CLF/CCLF Band M* $\alpha$ C (%)
Paolillo CCLF r -22.2 -1.01 15
Piranomonte CCLF r -22.0 -0.91 13
Garilli CCLF r -22.1 -0.60 5
This work CLF r -21.9 -0.70 19
Beijersbergen CLF $U_{\rm c}$ -19.4 -1.54 8
This work CLF $U_{\rm c}$ -21.5 -1.41 9


Integrating over each of the CLFs/CCLFs, we are able to calculate the number of cluster galaxies expected. For the published luminosity functions presented here, this is a straight-forward integral. For our own fitted CLFs however, we incorporate the uncertainty arising from their fit to obtain a more fair level of contamination. We calculate the number of cluster galaxies as

\begin{displaymath}n_{\rm c}=A\left<\phi^*(M_*,\alpha)\int^{M_{\rm b}}_{M_{\rm a}}{\rm d}M
\phi(M;M_*,\alpha)\right>_{M_*,\alpha}
\end{displaymath} (3)

where the angular brackets denote averaging over each realisation of M* and $\alpha$ weighted by the corresponding probability from the CLF fit. A is a normalisation constant calculated as the inverse of the sum of these probabilities. The absolute magnitudes $M_{\rm a}$ and $M_{\rm b}$ correspond to the apparent magnitude ranges $23.5 < R_{\rm AB} < 25.5$ for r or $24.0 < U_{\rm AB} < 25.5$ for $U_{\rm c}$. These ranges are chosen to extend slightly less deep than the $3\sigma $ detection limits, allowing comparison with a more complete background sample to give a more accurate estimation of contamination.

Within the appropriate magnitude ranges given above, the last column of Table 1 lists the predicted number of cluster galaxies as a percentage of the total number of galaxies detected. In R, the estimated contamination from the published luminosity functions ranges between 5% and 15%. The weighted average predicted contamination from our own R band CLF is higher at 19%. In the U band, the contamination levels are not as high since the known Czoske cluster galaxies have been discounted in the calculation. We find that the Coma CLF predicts that 8% of objects in our background sample are cluster objects, compared with our CLF which gives a weighted average of 9%.

The total contamination predicted from both foreground and cluster galaxies therefore has a relatively wide spread in the R band of 7% to 21% compared to between 11% and 12% in U. Unfortunately, none of the published CLFs/CCLFs presented here extend sufficiently deep to be able to reliably predict the number of cluster objects in CL0024+1654 at the faint end of our sample. In addition, some CLF studies (e.g. Driver et al. 1994; Wilson et al. 1997) indicate the possibility of steeper faint end slopes which would increase the fraction of cluster contaminants. In light of this, we therefore assume the generous contamination levels predicted from our fitted CLFs in the analysis which follows in this paper.

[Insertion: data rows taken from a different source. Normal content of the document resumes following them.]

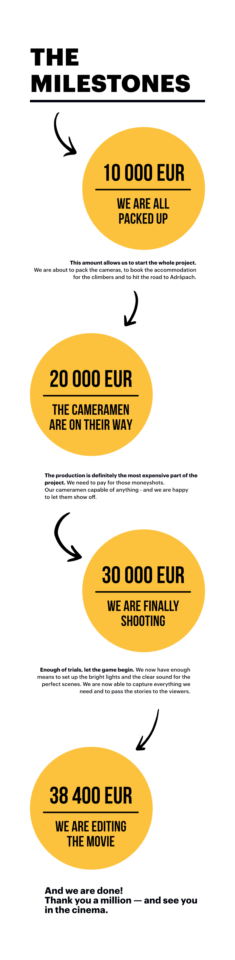 We are climbers. We are filmmakers. Our cameramen are up to literally anything. This movie will be our dream fulfilled. It will connect together the two things we love the most. Our project has already caught the attention of the Czech-German fund. The fund has kindly provided some money - but the key amount is still missing. And that's why we need you.
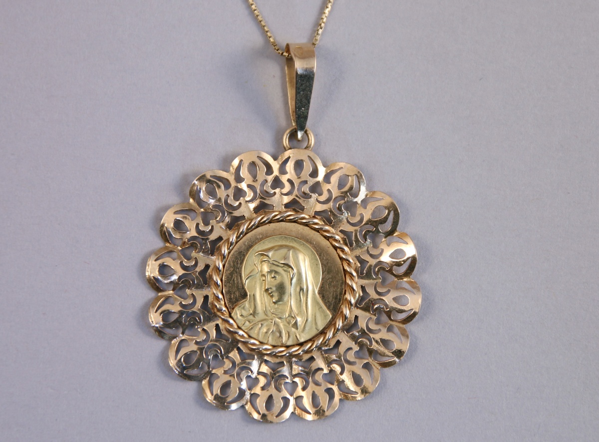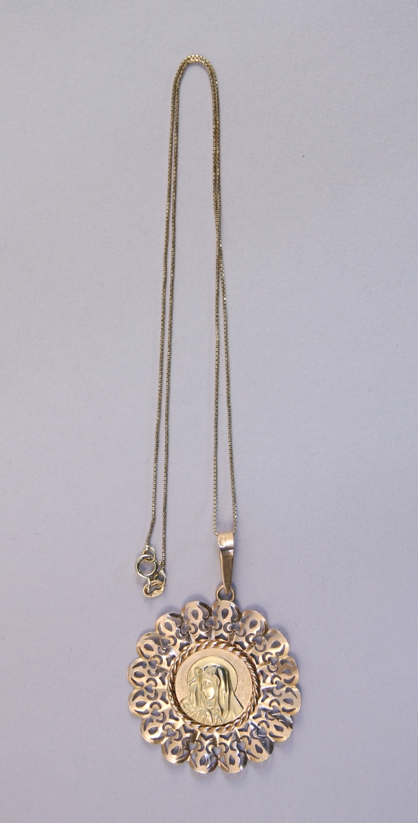 CHAÎNE en or jaune 18K. Maille vénitienne. Long. 42 cm. Poids: 1,4 g. Travail italien. Avec un PENDENTIF en or jaune 18K centré d'une médaille la sainte Vierge ceinte d'un motif rayonnant ajouré. Travail étranger. Diam. 3,5 cm. Poids: 5,2 cm.
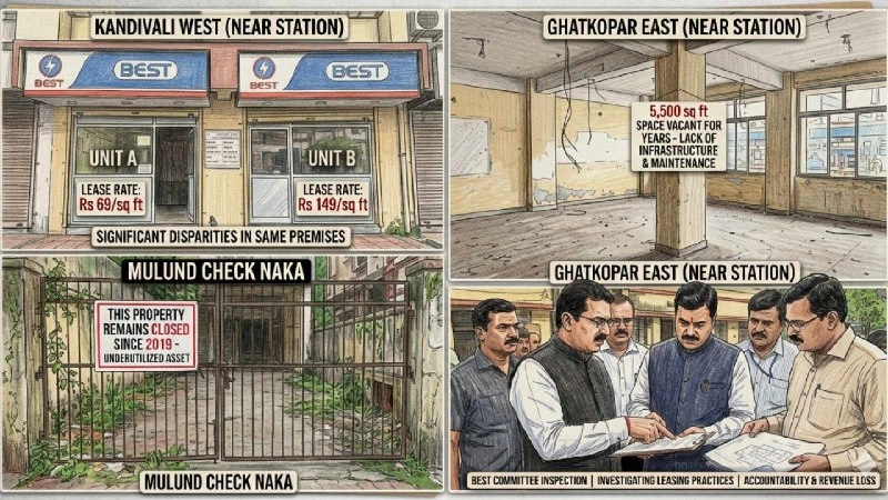 जांच के दौरान मुलुंड और घाटकोपर ईस्ट में कई संपत्तियां खाली मिलीं। घाटकोपर ईस्ट में करीब 5,500 स्क्वायर फीट की एक कमर्शियल प्रॉपर्टी सालों से बिना इस्तेमाल के पड़ी है। वहीं मुलुंड चेक नाका के पास 6,400 स्क्वायर फीट का एक प्लॉट 2019 से बंद है। इससे BEST को मिलने वाली कमाई का सीधा नुकसान हो रहा है।

Clearly, the contamination is dominated by the cluster members. This means that the variation in contamination across the field of view is governed by their density profile. Since this increases toward the centre of the cluster and since the background number counts fall off toward the centre where the magnification is strongest (see Sect. 4.3) the observed number density of objects in the background sample is affected most by contamination at small radii. This distribution will have a strong fall-off as one moves away from the cluster centre. Fortunately, this reduces the impact of the contamination on the cumulative mass measurements (Sect. 5.3) at large radii where the strongest mass contribution comes from.

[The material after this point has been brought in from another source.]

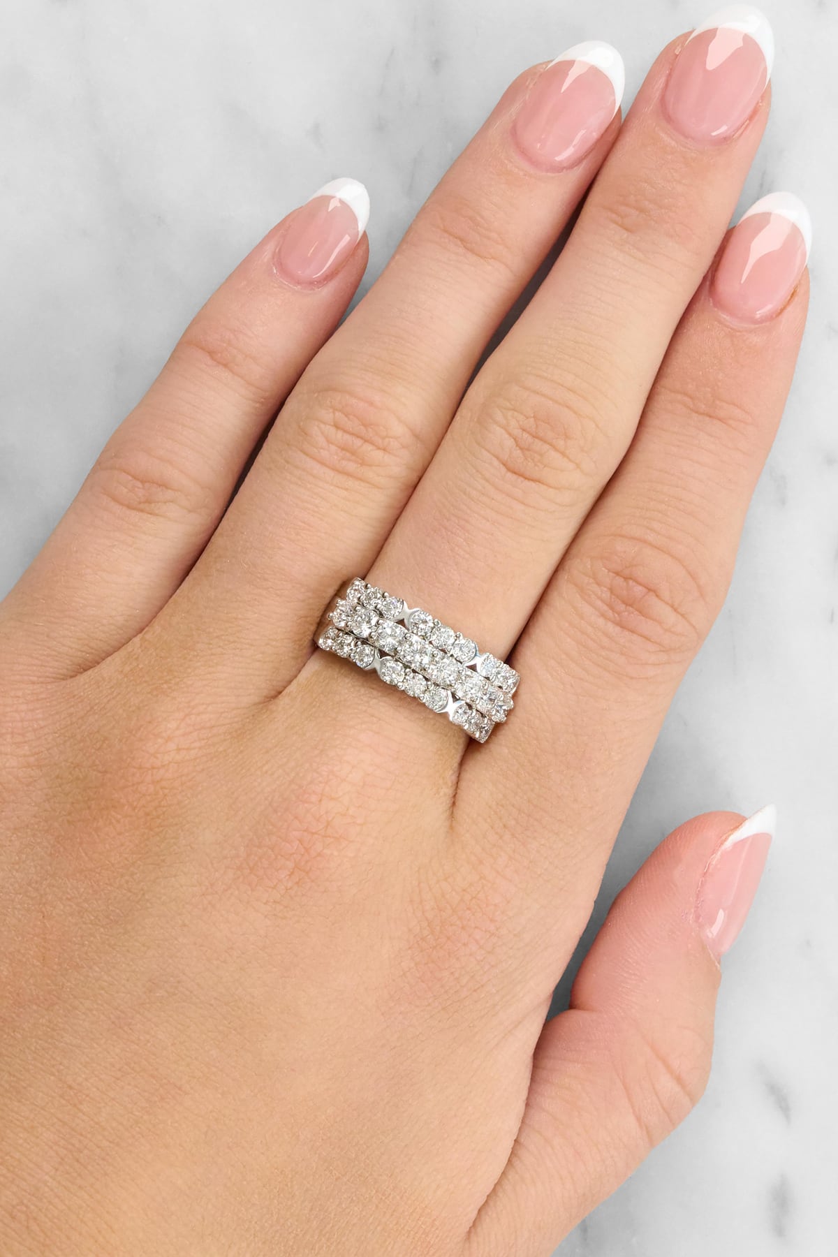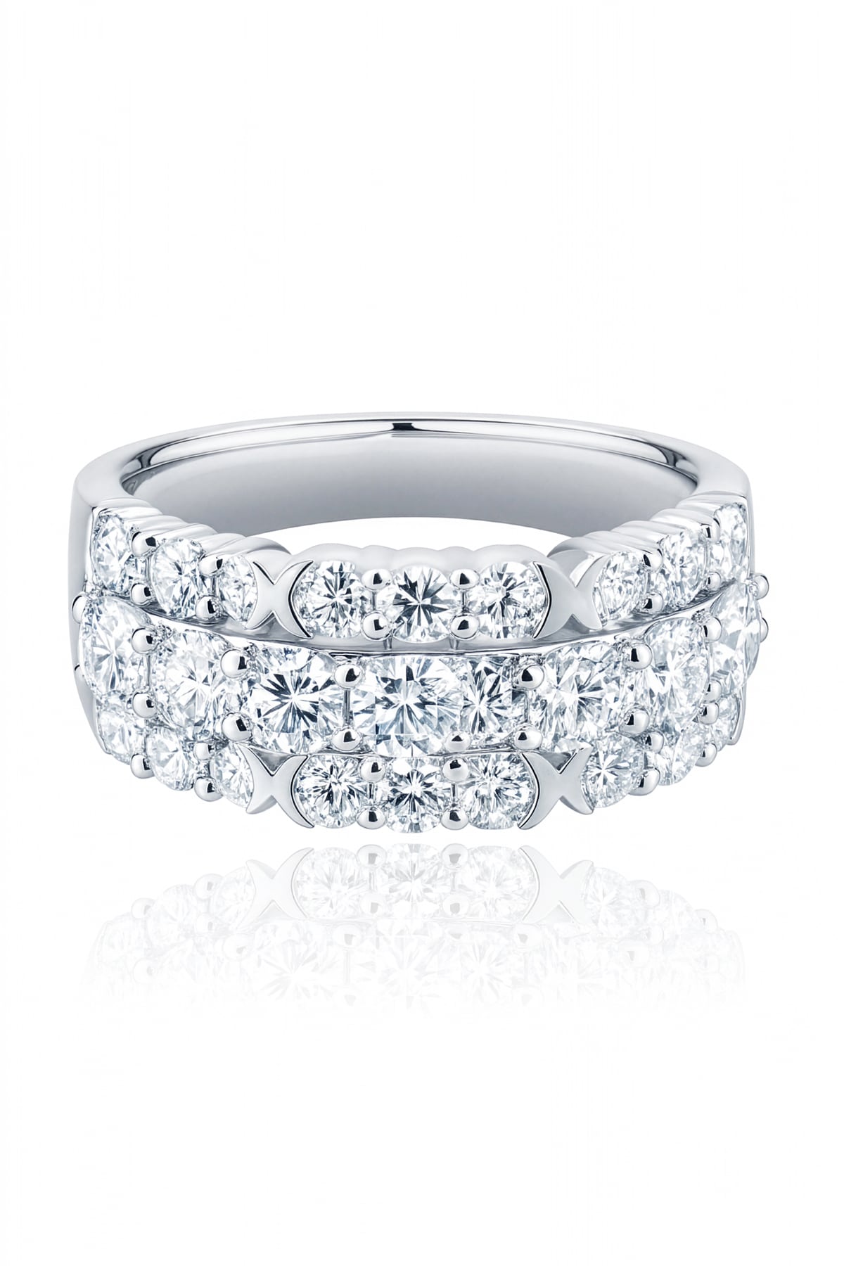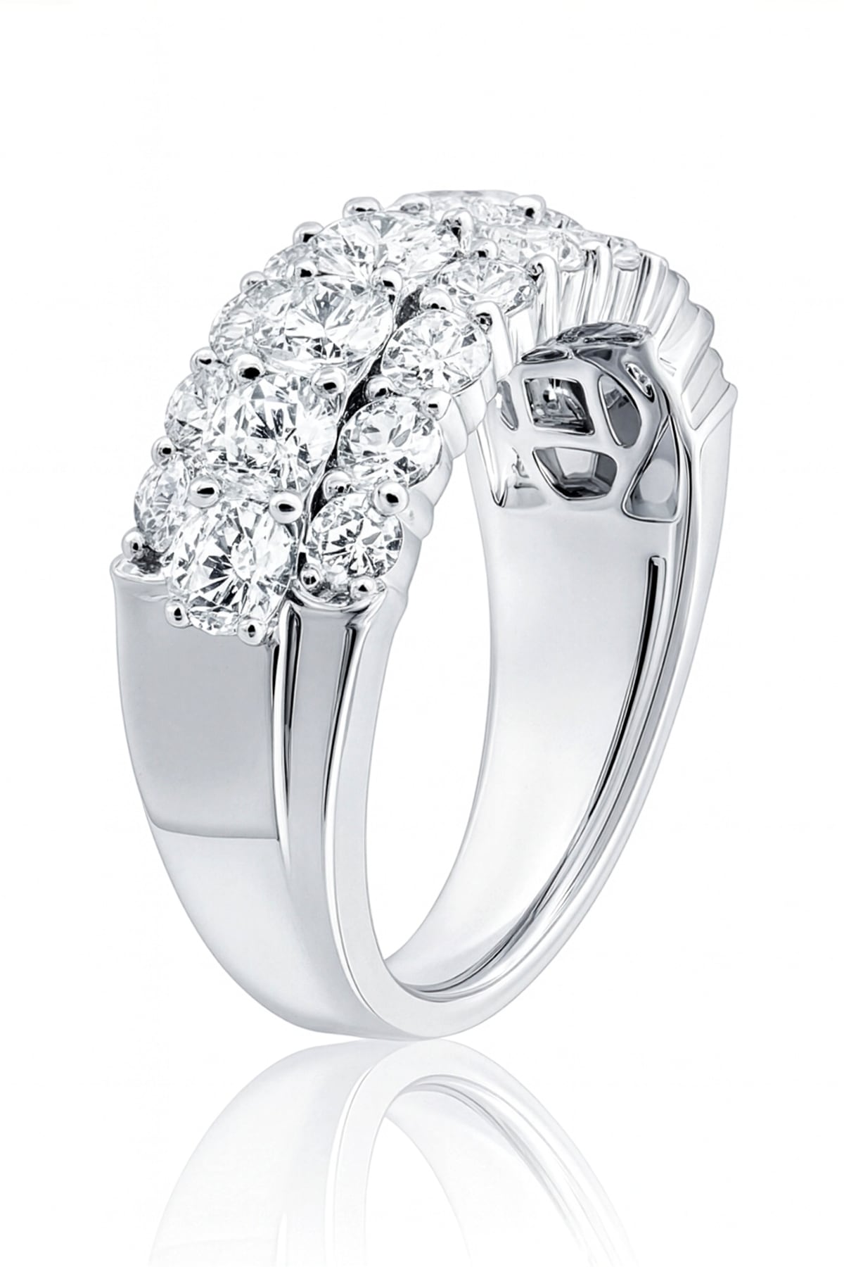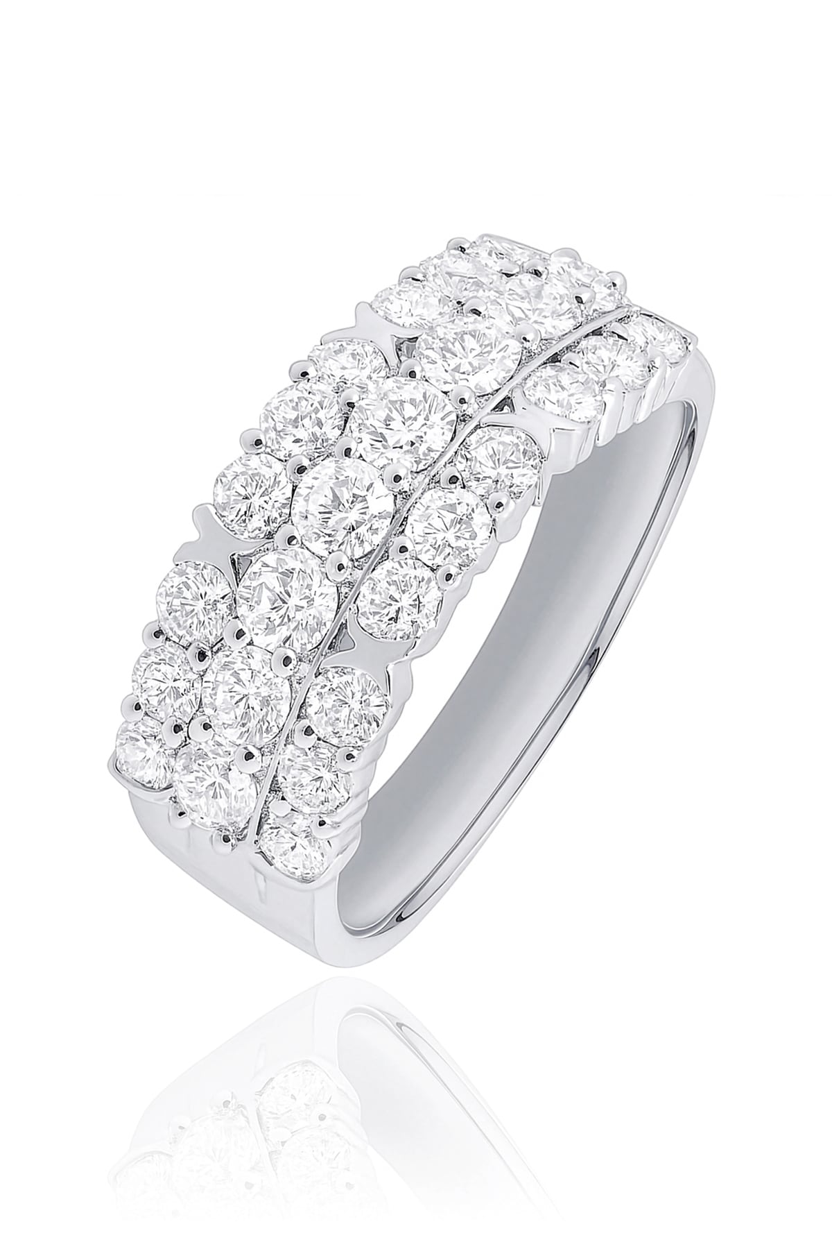 Bold, luxurious, and full of sparkle, this 18ct white gold ring features three dazzling rows of diamonds for an eye-catching statement. Set with 26 round brilliant cut diamonds totalling 1.72ct in bright G SI quality, the wide design creates a beautiful display of light across the finger. Elegant and modern, this piece is perfect for those who love a ring with presence and timeless sophistication.

An approximate contamination profile can be obtained by assuming that the cluster mass distribution and hence the number density of galaxies is described sufficiently accurately (for this purpose at least) by an isothermal sphere (see Sect. 4.3). The radial dependence of the error on the surface mass density, $\kappa $, can thus be written

 \begin{displaymath}\sigma_\kappa(r) = \frac{k}{2nr(\beta-1)\mu^{\beta}(r)}
\end{displaymath} (4)

where n is the background number density in the absence of lensing, $\mu(r)$ is the magnification given by Eq. (24) and $\beta$ is the number count slope (see Sect. 3.1). We have approximated the number density profile of the cluster galaxies as k/r where k is set by normalising to the contamination fractions given earlier in this section.

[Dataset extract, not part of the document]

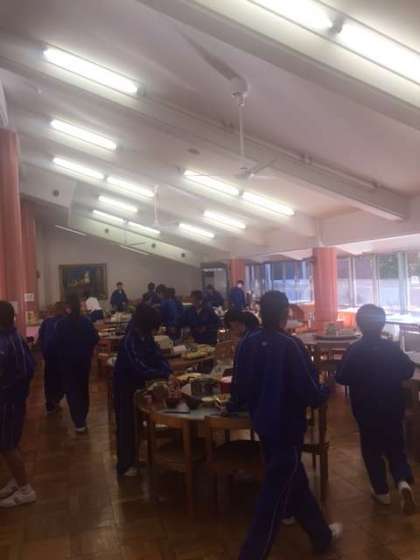 前半クラスの朝食を、食事係の生徒が丁寧に準備しています。

In all reconstructions of $\kappa $ found later in this paper, we add the error given by Eq. (4) in quadrature to the sum of the other errors, including the error due to foreground galaxy contamination. The effect of contamination on the search for the U band break is discussed separately in Sect. 6.

   
2.5 Obscuration masks

To account for obscuration of the background sky by cluster members and foreground objects, we create a mask. Without giving consideration to obscuration, the ratio of observed objects to expected objects used later in our analysis would be biased to lower values. This is especially true of bins near the cluster centre where relatively heavy obscuration occurs due to large central cluster galaxies.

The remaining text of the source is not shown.